Brier score

Contents

Interactive online version: Binder badge. Download notebook.

Brier score#

The Brier score is the most commonly used verification metric for evaluating a probability of a binary outcome forecast, such as a “chance of rainfall” forecast.

Probabilistic forecasts of binary events are expressed as values between 0 and 1, and observations are exactly 0 (event did not occur), or 1 (event occured).

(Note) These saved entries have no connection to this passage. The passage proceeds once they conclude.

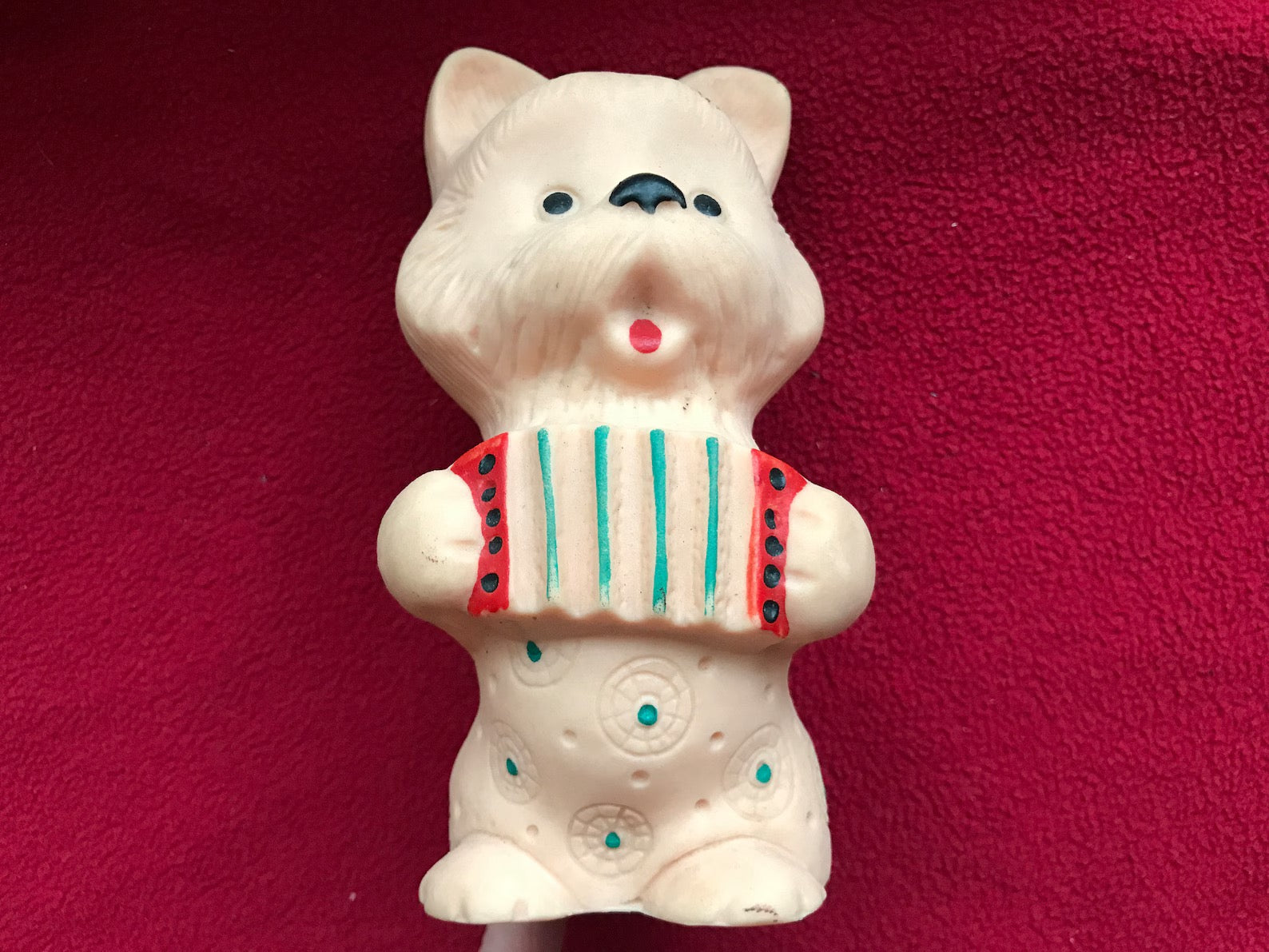 Rare find! Vintage 1970s rubber toy - CAT playing Garmon Karmoshka - Made in Soviet Union. Lovely USSR retro toy. Collectible vintage toy. Price in Roubles underneath. It is in good vintage condition. Made in Soviet Union. Height approximately 11 cm - 4.33 in, width 8 cm - 3.15 in
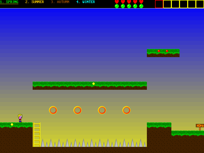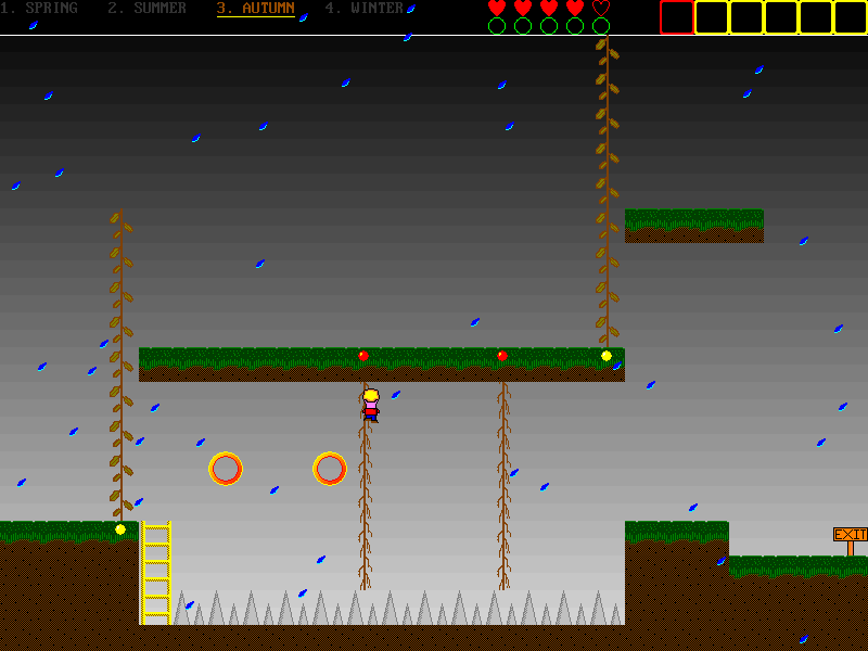 The aim is to collect all of the rings on each level, to help you do this you are able to jump between the seasons. For example, plant a seed in spring it grows into a plant you can climb in summer.
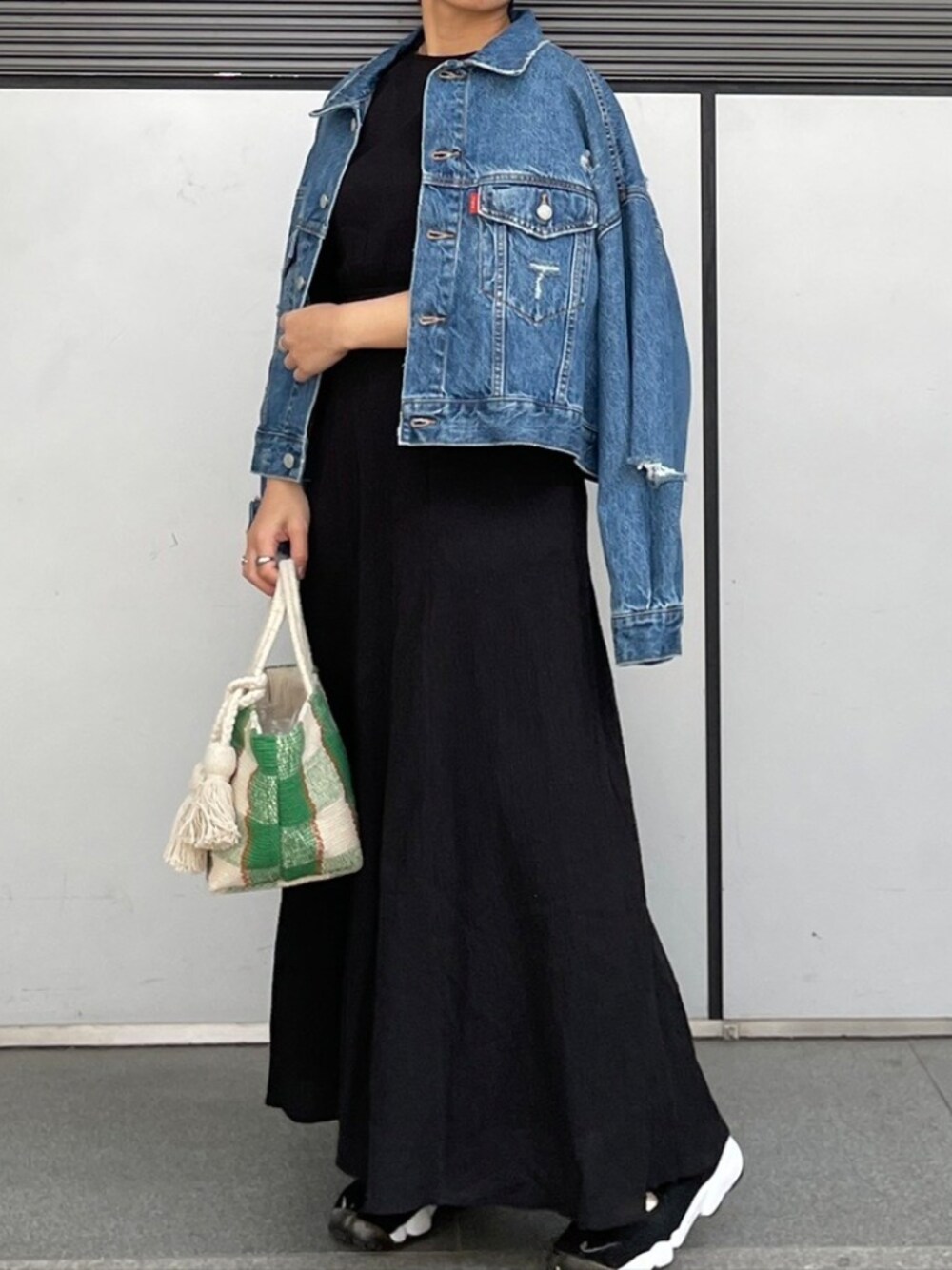 リアルなダメージ感とコンパクトな着丈がかわいいデニムジャケット♡ 視線が上に行くのでスタイルアップ効果が抜群です☺️ 脱いだ時のレディーライクなワンピースとのギャップでおしゃれ見えします。 今期はデニム×デニムのセットアップスタイリングもおすすめです!
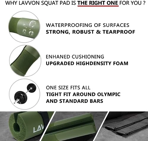 ELEVATE YOUR WORKOUT: Ready to take your weightlifting and strength training to the next level? Look no further than LAVVON’s hip thrust pad set! Made to meet the highest standards of quality. ULTIMATE COMFORT: The squat bar pad for Olympic bars is made from soft, thick and protective high-density foam which increases durability and allows you to train in a much easier and comfortable way. VERSATILE ANKLE STRAPS: We use a sweat resistant, breathable neoprene ankle cuff, Thicker 8mm padding can effectively provide cushioning,, calves. Tone, trim, and tighten your leg and glute muscles for a better butt, Thighs that are beach ready. STRENGTHEN GRIPS: Constructed with reinforced double cross stitching, the lifting straps boast of ultra durability. The wrist straps for weightlifting can go around the bar 3 times for optimal wrist support and drastically improved grip strength. PORTABLE: Barbell Neck Cushion Pad Set includes one Lightweight High Density Foam Neck Pad, Comfort Ankle and Deadlift Weighting Strap, Portable storage bag designed to bag take it easily to the gym or any other place and Two safety Velcro straps provides extensive protection, so it does not move around during exercises. WARRANTY: Making sure that you get a product of the highest quality is very important to us. Provides a full warranty for all of its products.
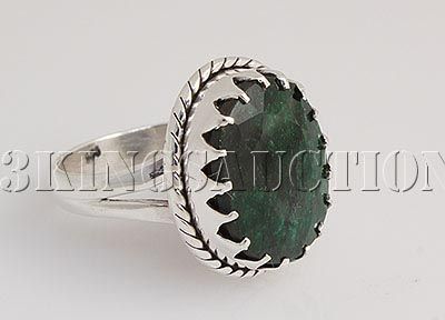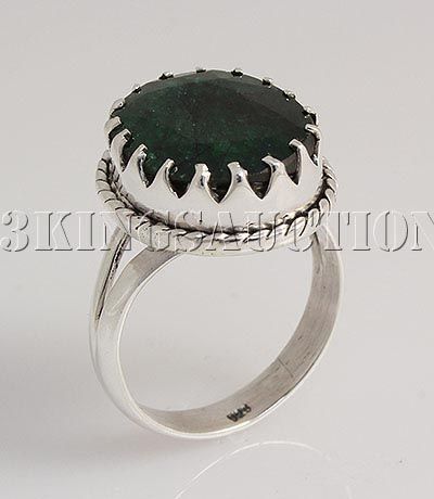 STERLING SILVER OVAL RING WITH 15X12MM APPROX EMERALD BERYL GEMSTONE
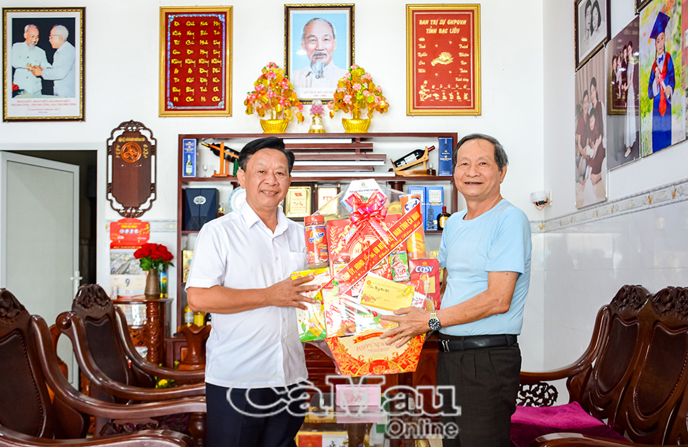 Đồng chí Hồ Trung Việt chúc Tết đồng chí Quảng Trọng Ninh, nguyên Uỷ viên Ban Thường vụ Tỉnh uỷ, nguyên Trưởng Ban Dân vận Tỉnh uỷ, nguyên Chủ tịch Uỷ ban MTTQ Việt Nam tỉnh Bạc Liêu (cũ).
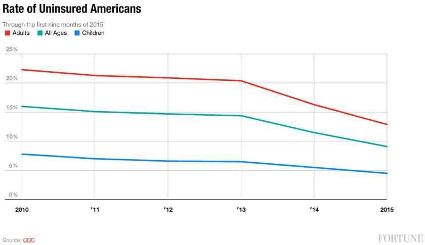 The number of people with health insurance are at their highest levels in nearly 20 years. In the first nine months of 2015, nearly 91% of people, from babies to 64-year-olds, had some form of health insurance. That’s 16 million more people than in 2013, before the Affordable Care Act went into effect.
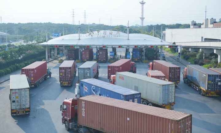 義烏海關(guān)排隊等待出關(guān)的車輛。共享聯(lián)盟·義烏 吳峰宇 攝
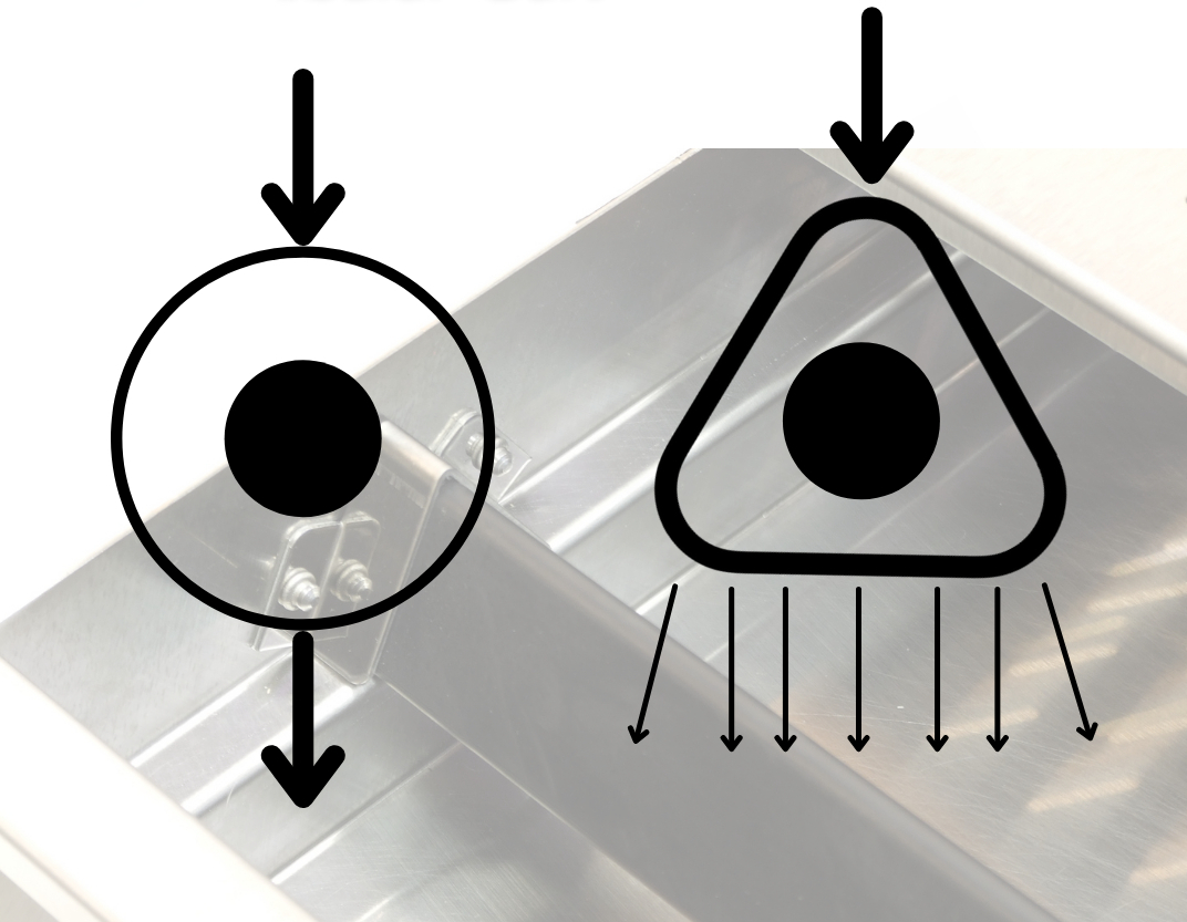 Einzigartige, dreieckige Ausklopfstange für mehr Langlebigkeit: Im Gegensatz zu runden Stangen wird die Kraft auf einer grösseren Fläche absorbiert, was zu weniger Verschleiss führt.
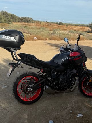 Yamaha Tracer 7 con muy pocos kilometros 11200. Ideal para rutas y viajes moto muy cómoda. Revisiones en casa oficial Yamaha. Vehículo con muchos extras. Puños calefactable. Pantalla gt Baúl givi de 47 litros con respaldo No tiene ningún rasguño, muy bajo consumo ideal para ciudad y carretera por su poco peso manejable. Puedo mandar video
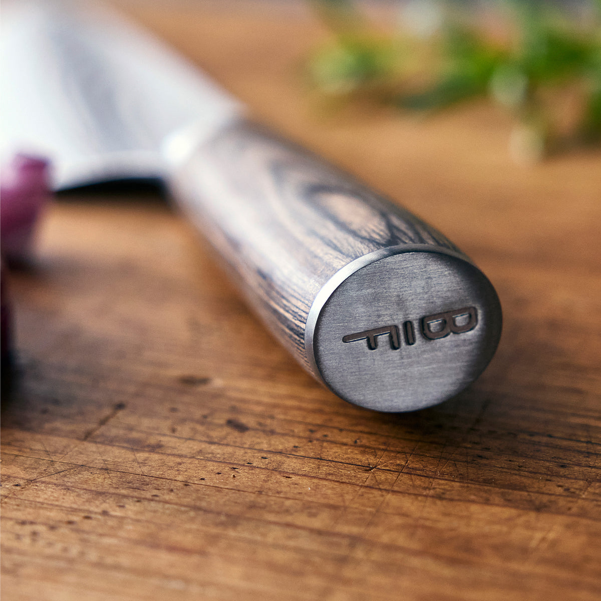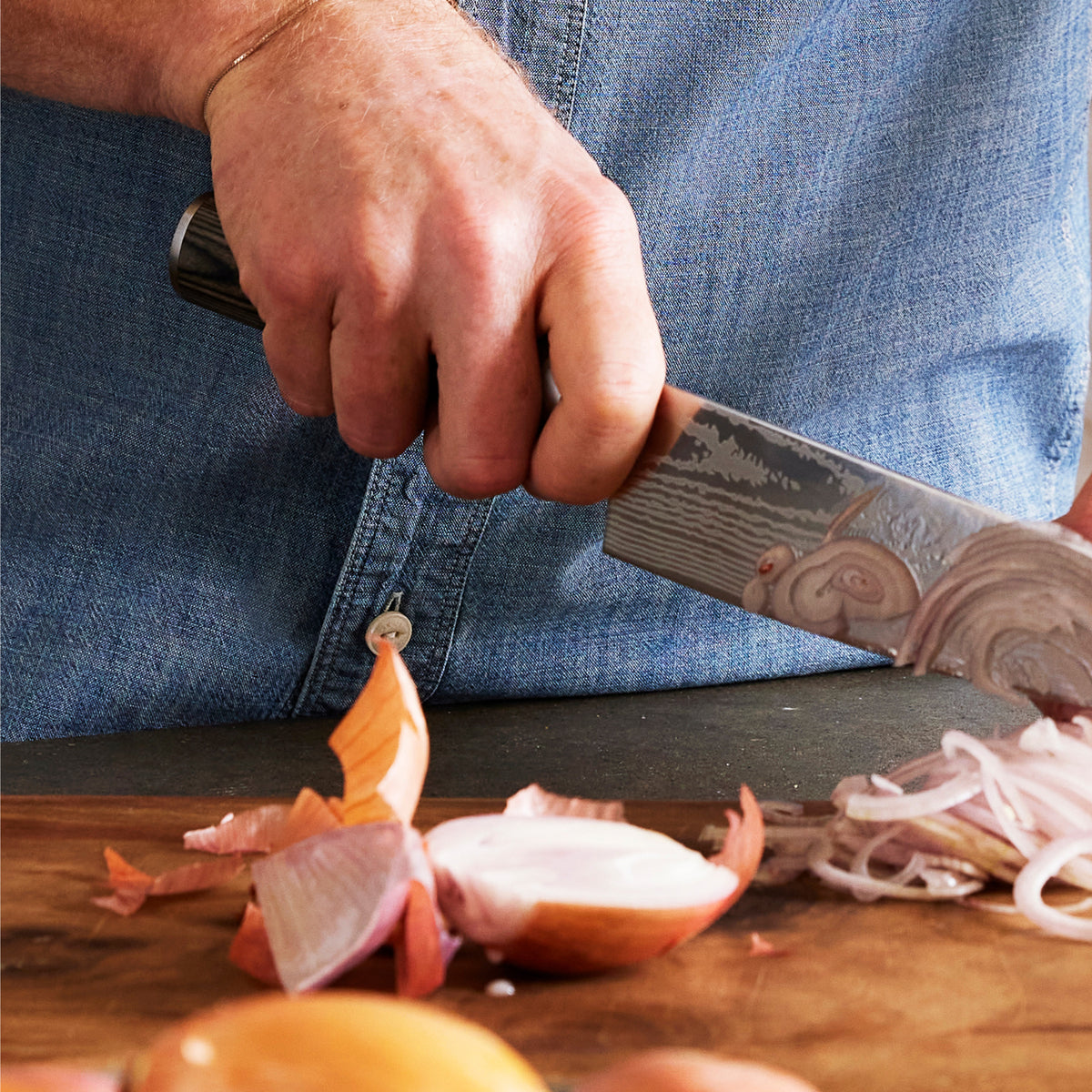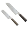 Lightweight and balanced, this Santoku set is specially designed for daily use. The two sizes make it easy to have the right knife handy and the hand-sharpened edges will make slicing simple.
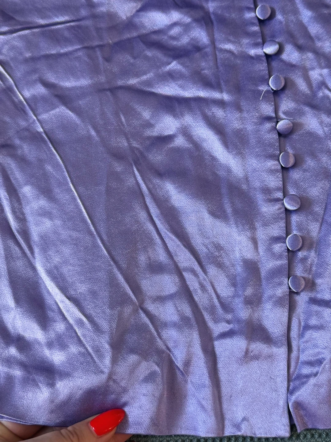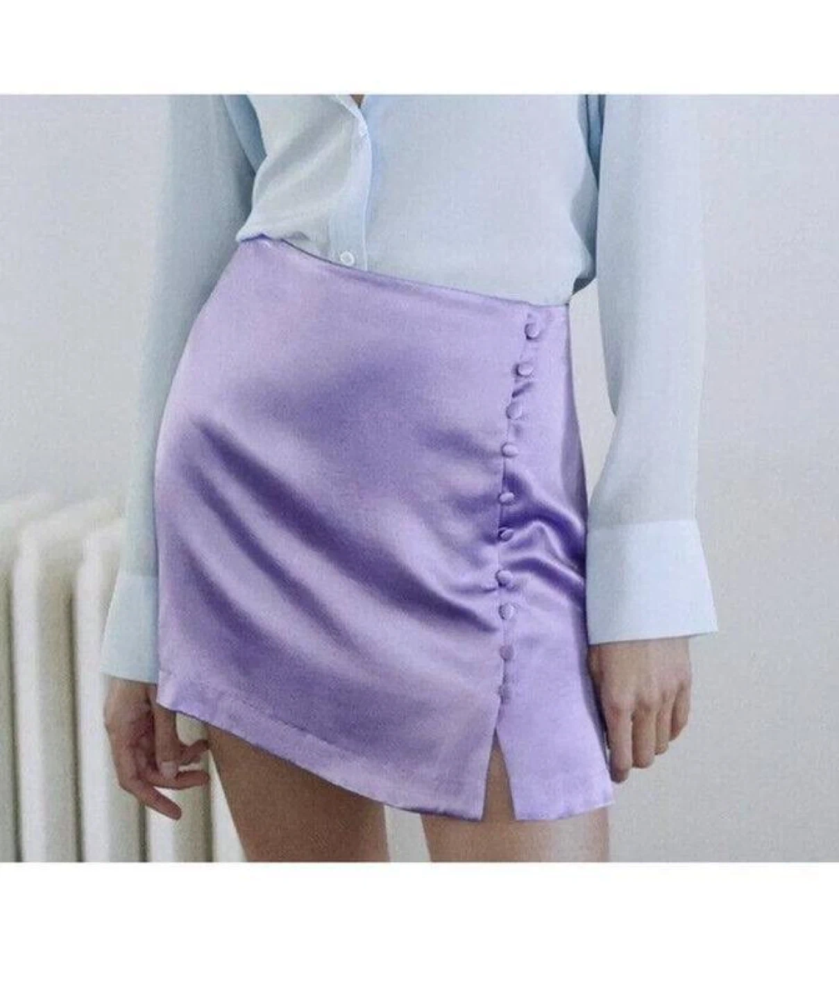 Lavender mini skirt made from viscose fabric that subtly shimmers in the light. Decorated with a row of buttons on the side. It has a very feminine fit that highlights the waist. A perfect option for summer or an evening look.

The metric is then calculated the same way as MSE. The Brier score is a strictly proper scoring rule where lower values are better (it is negatively oriented) where a perfect score is 0 and the worst score is 1.

[1]:
from scores.probability import brier_score
from scipy.stats import beta, binom

import numpy as np
import xarray as xr
[2]:
# To learn more about the implemenation of the Brier score, uncomment the following
# help(brier_score)

We generate two synthetic forecasts. By design, fcst1 is a good forecast, while fcst2 is a poor forecast. We measure the difference in skill by calculating and comparing their Brier Scores.

[3]:

fcst1 = beta.rvs(2, 1, size=1000) obs = binom.rvs(1, fcst1) fcst2 = beta.rvs(0.5, 1, size=1000) fcst1 = xr.DataArray(data=fcst1, dims="time", coords={"time": np.arange(0, 1000)}) fcst2 = xr.DataArray(data=fcst2, dims="time", coords={"time": np.arange(0, 1000)}) obs = xr.DataArray(data=obs, dims="time", coords={"time": np.arange(0, 1000)})
[4]:
brier_fcst1 = brier_score(fcst1, obs)
brier_fcst2 = brier_score(fcst2, obs)

print(f"Brier score for fcst1 = {brier_fcst1.item():.2f}")
print(f"Brier score for fcst2 = {brier_fcst2.item():.2f}")
Brier score for fcst1 = 0.16
Brier score for fcst2 = 0.43

As expected, fcst1 has the lower Brier Score quantifying the degree to which it is better than fcst2.

Notes#

  • If you are using the Brier score on large data with Dask, consider setting check_args arg to False in brier_score.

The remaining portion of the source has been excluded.